#sextrafficking | Bank shares slide on report of rampant money laundering | #tinder | #pof | #match

The financial sector was hit hard Monday following a report alleging that a number of banks, JPMorgan, HSBC, Standard Chartered Bank, Deutsche Bank and Bank of New York Mellon among them, have continued to profit from illicit dealings with disreputable people and criminal networks despite previous warnings from regulators.

According to the International Consortium of Investigative Journalists, leaked government documents show that the banks continued moving illicit funds even after being warned of potential criminal prosecutions.

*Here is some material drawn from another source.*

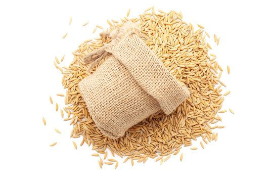 Close-up of organic Rice with Bran (Oryza sativa) or Dhaan in a jute bag on a heap of Rice Bran, isolated on a white background.
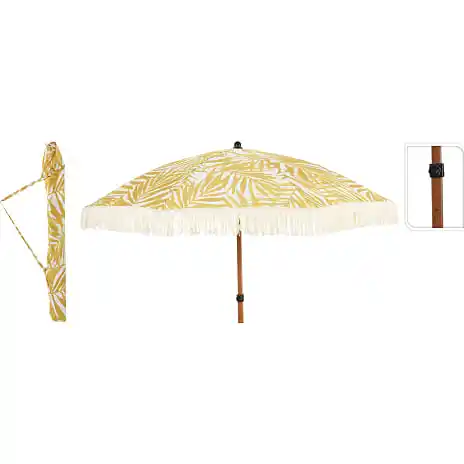Praktisk strandparasol i gul. Parasollen har en diameter på 180 cm. Strandparasollens skærm er lavet i 180 gr. polyester. Stangen er lavet i 22-25 mm metalrør.

The report compounded a massive sell-off across global markets because of gloom and doom over COVID-19 infections and the economic damage from the pandemic.

The consortium reported that documents indicate that JPMorgan moved money for people and companies tied to the massive looting of public funds in Malaysia, Venezuela and the Ukraine. The bank also processed more than $50 million in payments over a decade for Paul Manafort, the former campaign manager for President Donald Trump, according to the documents, which are known as the FinCEN Files.

Shares of JP Morgan tumbled 4.4%.

The consortium’s investigation found the documents identify more than $2 trillion in transactions between 1999 and 2017 that were flagged by financial institutions’ internal compliance officers as possible money laundering or other criminal activity, and $1.3 trillion of that activity took place at Deutsche Bank. Shares of Deutsche Bank dropped 7.7%.

Deutsche Bank has been under scrutiny for years. The bank, based in Frankfurt, Germany, agreed to pay the state of New York $150 million to settle claims that it broke compliance rules in its dealings with the sex offender Jeffrey Epstein. Epstein killed himself last August in a Manhattan federal jail while awaiting trial on sex trafficking charges.

German newspaper Sueddeutsche Zeitung reported last year that Deutsche Bank gave expensive gifts to senior Chinese officials and hired family members of Chinese elite as it was trying to establish itself as a major player in China’s financial industry.

Also in 2019, German prosecutors indicted a 48-year-old former employee of Deutsche Bank as part of a probe into a massive tax evasion scam that’s led to more than a dozen prosecutions.

In 2018, German authorities raided Deutsche Bank’s headquarters on suspicions that its employees helped clients set up offshore companies that were used to launder hundreds of millions of euros. That case, spurred by the release of the Panama Papers, was settled in late 2019 for $16.6 million.

In the wake of the Epstein scandal, Deutsche Bank said it had invested almost $1 billion to improve its training and controls and had boosted its staff overseeing the work to more than 1,500 employees “to continue enhancing our anti-financial crime capabilities.”

For years, Deutsche Bank has wrestled with regulatory penalties and fines, high costs, weak profits and a low share price. The bank went three straight years without turning an annual profit before recording positive earnings of 341 million euros for 2018.

The London Bank HSBC, Europe’s largest acknowledged in 2012 that it had laundered at least $881 million for Latin American drug cartels. However, according to the report, HSBC continued to manage money for sordid clients, including suspected Russian money launderers and a Ponzi scheme under investigation in multiple countries.

Shares of HSBC, already down more than 50% this year, slumped to levels not seen in more than two decades Monday.